Even though I had read that the two longest sections of the trail were challenging, and could be dangerous, I don’t think I realized that this was really a trek for serious hikers. The numbers of people with walking sticks, hiking boots and backpacks should have been my first clue. The Germans were the serious hikers and they came prepared.


Monica opted to take the day off so it was my brother and me, and as an unplanned warm-up, we took the long way around to the train station, (in other words we got lost). We started on the hardest hike from Monterrosso to Vernazza and supposedly it was a ninety minute hike. Initially it did not seem too hard, but it definitely lived up to the warnings of being very challenging, steep and at some points dangerous. After three hours we finally arrived at Vernazza, and my feet were feeling it.

There were many points on the trail where my brother had to wait for me to catch up, and I was definitely regretting not being in better shape for this. I have to add that my brother Rick is in excellent shape, and cycles between 40 and 60 miles almost every day after walking at least five miles. It was not so much the inclines, but the numerous staircases in both directions on uneven pieces of rock that made it such a challenging climb.


The good thing was that all the way along the trail, the scenery was beautiful. We were either along the sea or in a shaded forest area. On this section alone, which was supposedly 4km, we hiked from sea level to the highest point of 720 feet, but since the hike was up and down multiple times, the ascent was measured at more than 1500 feet, and the same for the descent.


I was so happy to get to Vernazza which was very picturesque and charming. We had a wonderful lunch there, and I was mentally preparing myself for the next section of the hike. When Rick told me that he would not be disappointed if I did not want to do anymore, you can believe that it did not take too long for me to decide that I was content to walk around Vernazza instead.

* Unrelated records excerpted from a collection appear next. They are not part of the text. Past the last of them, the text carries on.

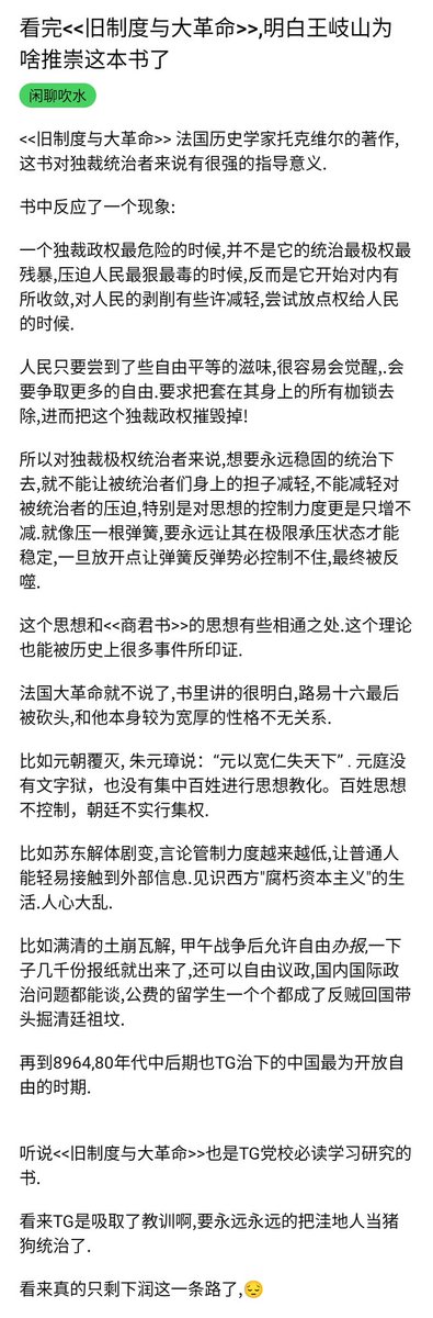 中国领导人是懂商君书的。为了不让民众产生对公民权利和幸福自由的向往,所以他们选择了长期维持高压统治。稍微减轻对社会的控制力,也许就意味着整座大坝的崩溃。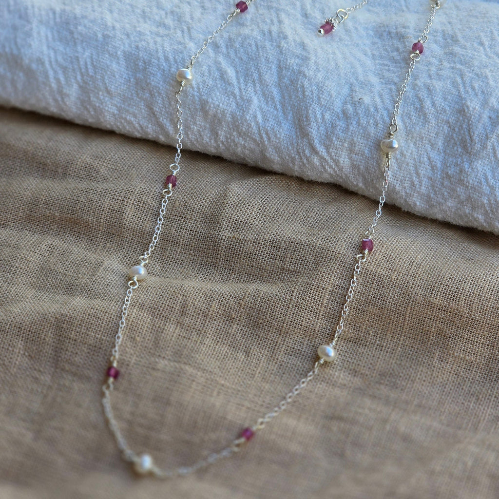 Rosie Necklace | Pink Tourmaline + Pearl | Silver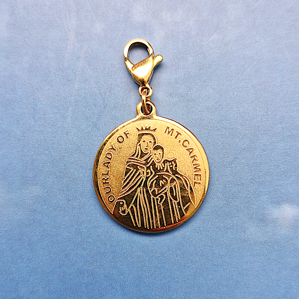 Our lady of Mount Carmel medallion charm in gold plated stainless steel.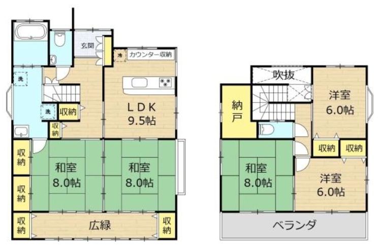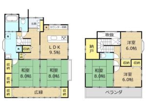 | その他設備 | 整形地 土地50坪以上 南側道路面す 前道6m以上 2階建 和室 システムキッチン 独立洗面台 追い焚き 浴室に窓 浴室乾燥機 バルコニー有 小学校徒歩10分以内 2台駐車可 シューズボックス |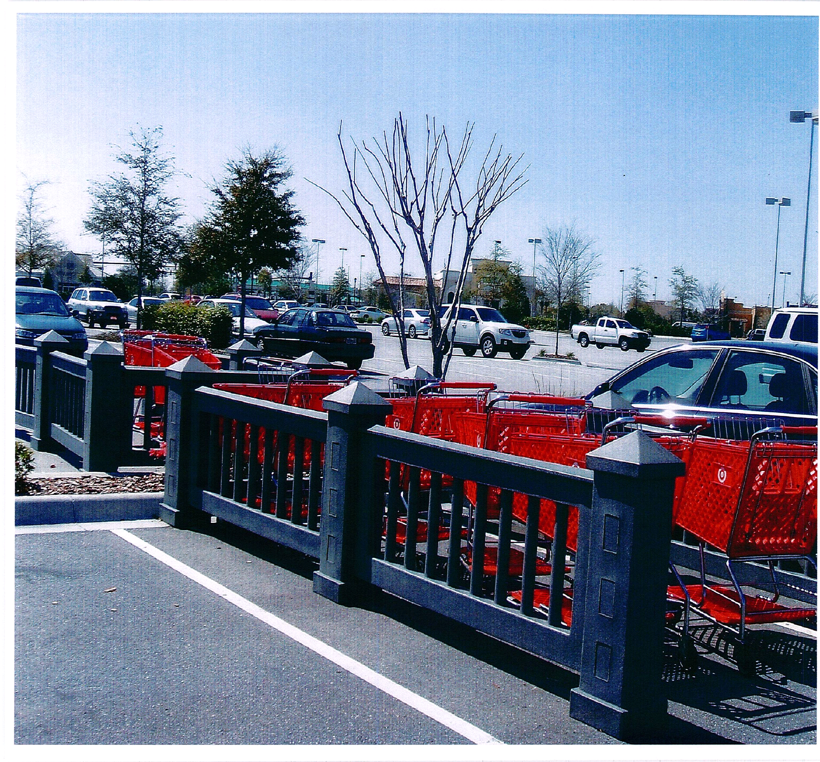 Shopping cart corrals within parking areas must be located within an acceptably designed nonmetal enclosure. Such enclosures must be designed to be compatible with the design and overall aesthetic vision of the commercial building they serve and meet the design standards illustrated herein. Landscaping may be employed to enhance the acceptability of a design by camouflaging or otherwise enhancing the appearance of corrals.

After that we took the train to the hilltop town of Corniglia, with a population of just 540, and walked around for awhile, the took the train back to Levanto and met Monica for dinner. I really enjoyed the Cinque Terre and it is OK that I did not hike the entire trail. The entire area is just beautiful, including Levanto, which was our base.


About Margie Miklas

An award-winning author, Margie Miklas writes medical thrillers and travel memoirs about Italy, a place which has captured her passion for travel. She is also the creator and owner of the travel blog, Margie in Italy, and a contributing writer for an Italian-American newspaper. A retired critical-care nurse, she enjoys spending time with her family, including her three cats. Her favorite place is the beach, and she likes learning new computer skills, when she is not writing. A member of the Florida Writers Association, Margie makes her home in Florida.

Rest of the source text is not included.